As Patricia Axelrod rose during the public-comment period to read aloud a peace resolution to the Reno City Council, she set a picture of a charred corpse on the overhead projector. The chamber soon disintegrated into a strange, telling moment, the city attorney barking procedure, people shouting at each other, a gavel pounding and the usual pack of local-government watchdogs baying at a fascist moon. The scene featured much of the flair of a Vietnam-era sit-in and at least a bit of the petty melodrama of a network soap opera.

“It’s been a very emotional morning,” said Councilmember Toni Harsh, whose son, a U.S. marine, is stationed in Kuwait. She had no further comment. Councilmembers had refused to place the anti-war resolution on the agenda, following city staff’s decision that “foreign policy is not something that is generally recognized as being within the purview of the Reno City Council.”
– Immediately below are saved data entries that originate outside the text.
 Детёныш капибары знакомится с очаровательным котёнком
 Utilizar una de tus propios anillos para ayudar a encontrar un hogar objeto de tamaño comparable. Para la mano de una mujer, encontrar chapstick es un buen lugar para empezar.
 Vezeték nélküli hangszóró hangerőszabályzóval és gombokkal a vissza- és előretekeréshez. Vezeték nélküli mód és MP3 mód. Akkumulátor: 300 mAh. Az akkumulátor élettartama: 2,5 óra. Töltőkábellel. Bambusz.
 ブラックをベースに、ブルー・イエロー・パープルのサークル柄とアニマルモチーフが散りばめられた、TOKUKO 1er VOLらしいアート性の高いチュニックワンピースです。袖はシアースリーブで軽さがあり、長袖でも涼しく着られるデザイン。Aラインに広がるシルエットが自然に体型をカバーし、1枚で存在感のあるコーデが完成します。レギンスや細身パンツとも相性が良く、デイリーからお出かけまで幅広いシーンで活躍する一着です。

(Ironically, late last year, the Reno City Council approved a partnership with Kabul, Afghanistan, to help the war-torn country rebuild. After the plan was nixed by the federal government as being too dangerous, Reno partnered up with Bangalore, India, to help that city improve its economy.)
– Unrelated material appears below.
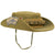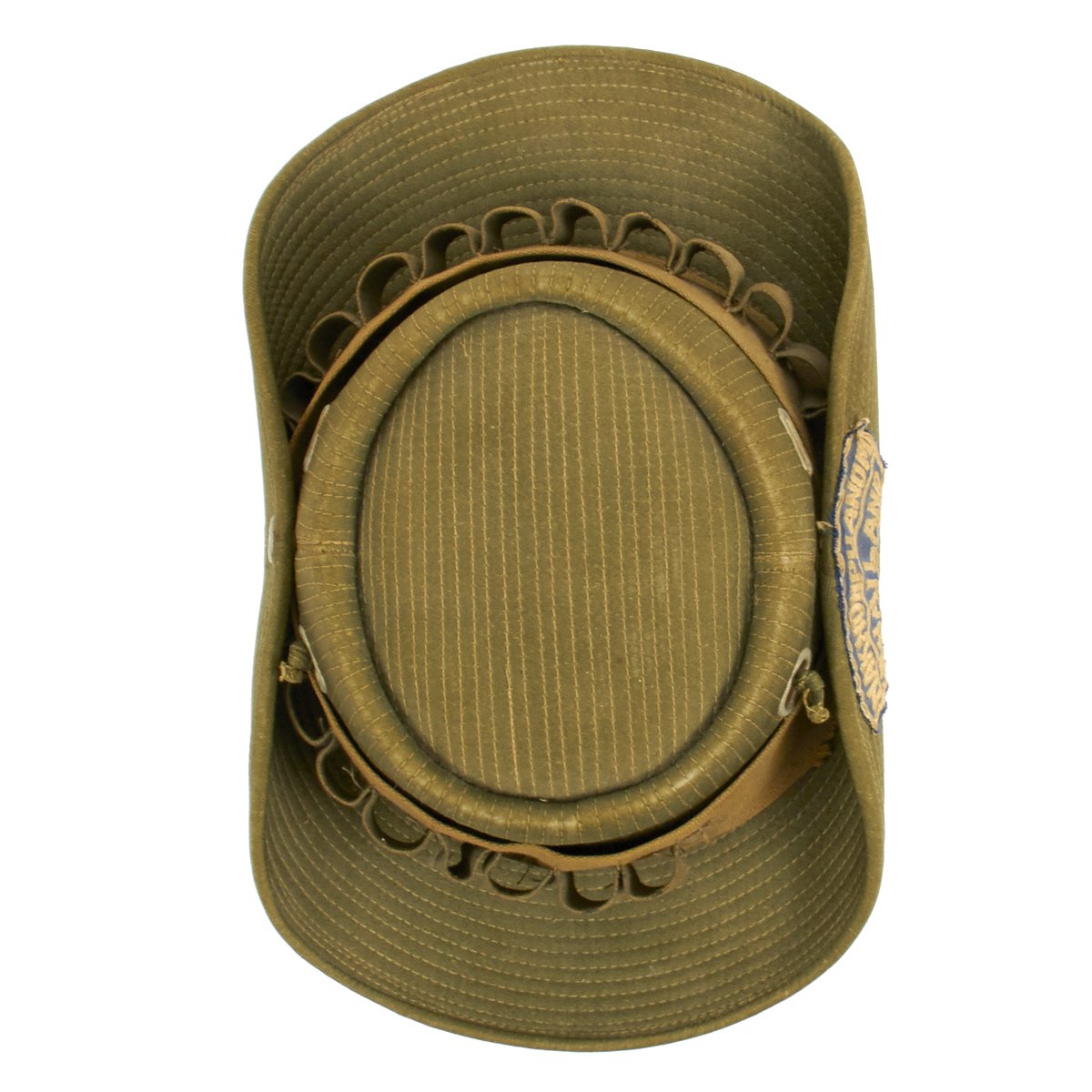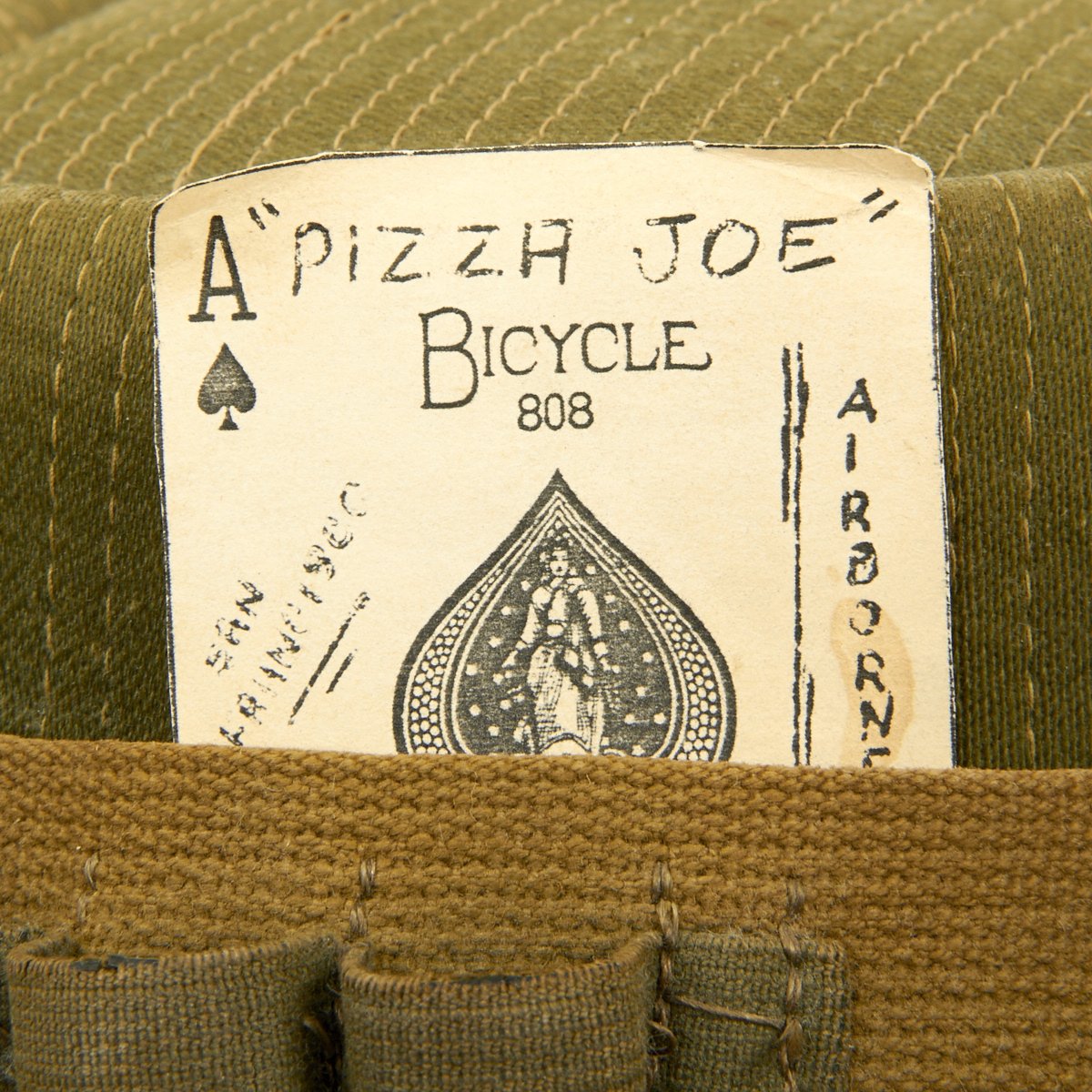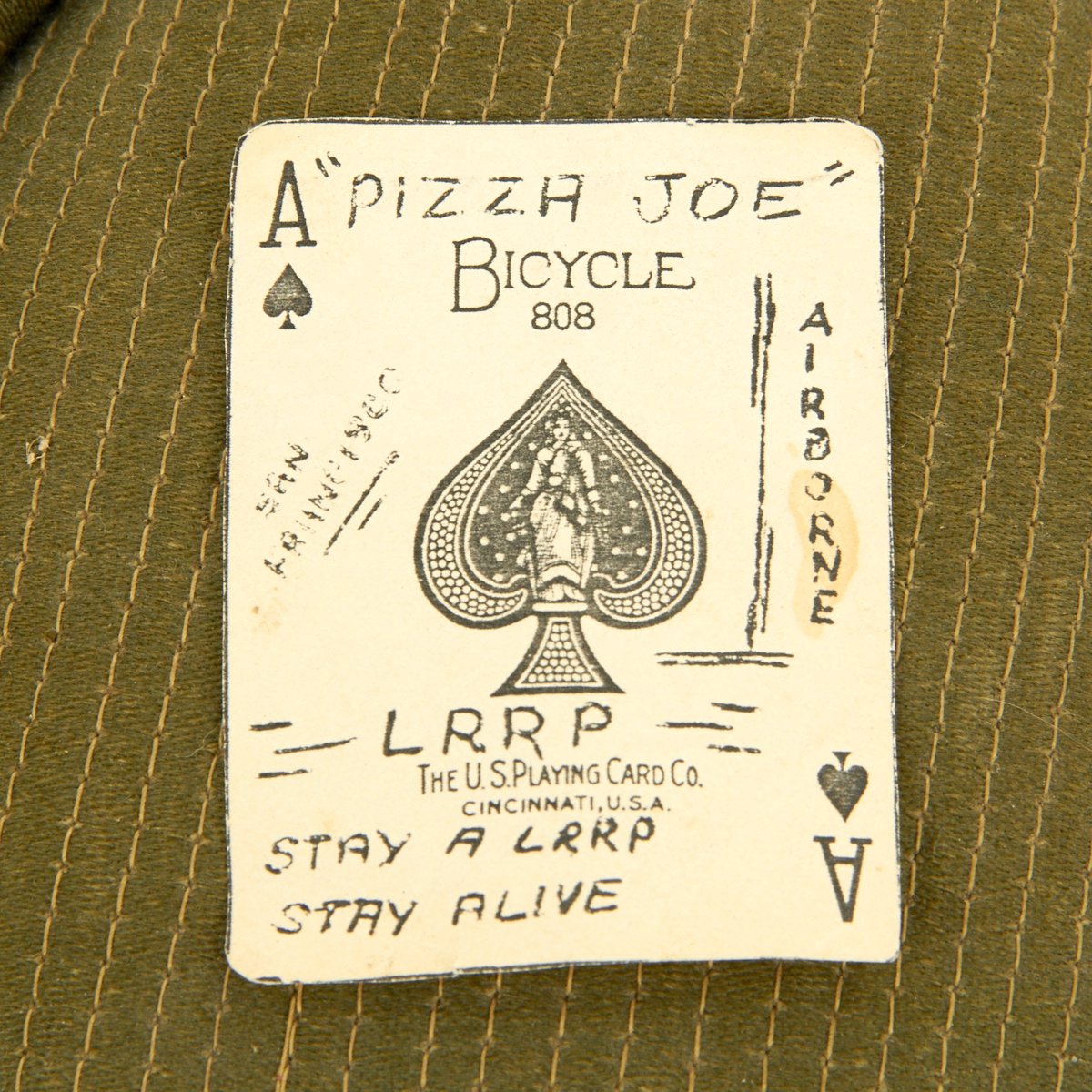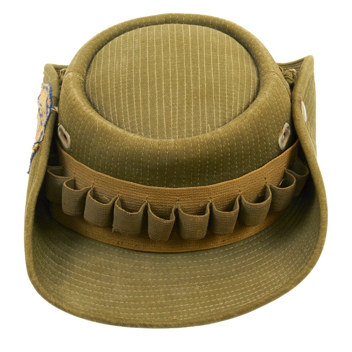 Original Item: Only One Available. This is a rare theater made Vietnam War bush hat. This style hat became popular with USGIs, specifically NCOs, who spent time in the wet hot conditions of Vietnam during the war. The left side of the hat is stitched with a Nakhon Phanom Thailand rocker patch which has a blue background and heavy white embroidered stitching. The band of the hat holds shotgun shell rounds. Underneth that band is a paper Ace of Spades playing card with personalized messages and Airborne.

Passions at the Mar. 12 meeting came to a boiling point. Axelrod continued presenting pictures as City Attorney Patricia Lynch argued, “There is no requirement under the open-meeting law to allow people to use anything other than the microphone.” Finally a staff member turned off the overhead projector.

“That is completely unconstitutional,” fumed Axelrod. “I sat here last week and saw three people use this equipment. Your fascist actions have already denied the people of Reno this important dialogue. Every one of you should be ashamed.”

“It was a weird thing,” commented gadfly Sam Dehne. He didn’t necessarily think the action was directed at peace resolution supporters, yet he and others noted that visual aids are a routine part of public presentations at council meetings. He said it was “cowardly and dastardly” of council to put up another barrier between citizens and their representatives.

Afterward, Lynch left the chamber to explain the context of the issue to Axelrod. She said that someone had once attempted to display inappropriate material on the equipment. The document she offered as evidence that council has discretion to prevent the display of pictures, however, didn’t seem on point. She presented Axelrod a letter from the state Attorney General’s Office stating that Sam Dehne can be ejected from a room for disrupting a public meeting.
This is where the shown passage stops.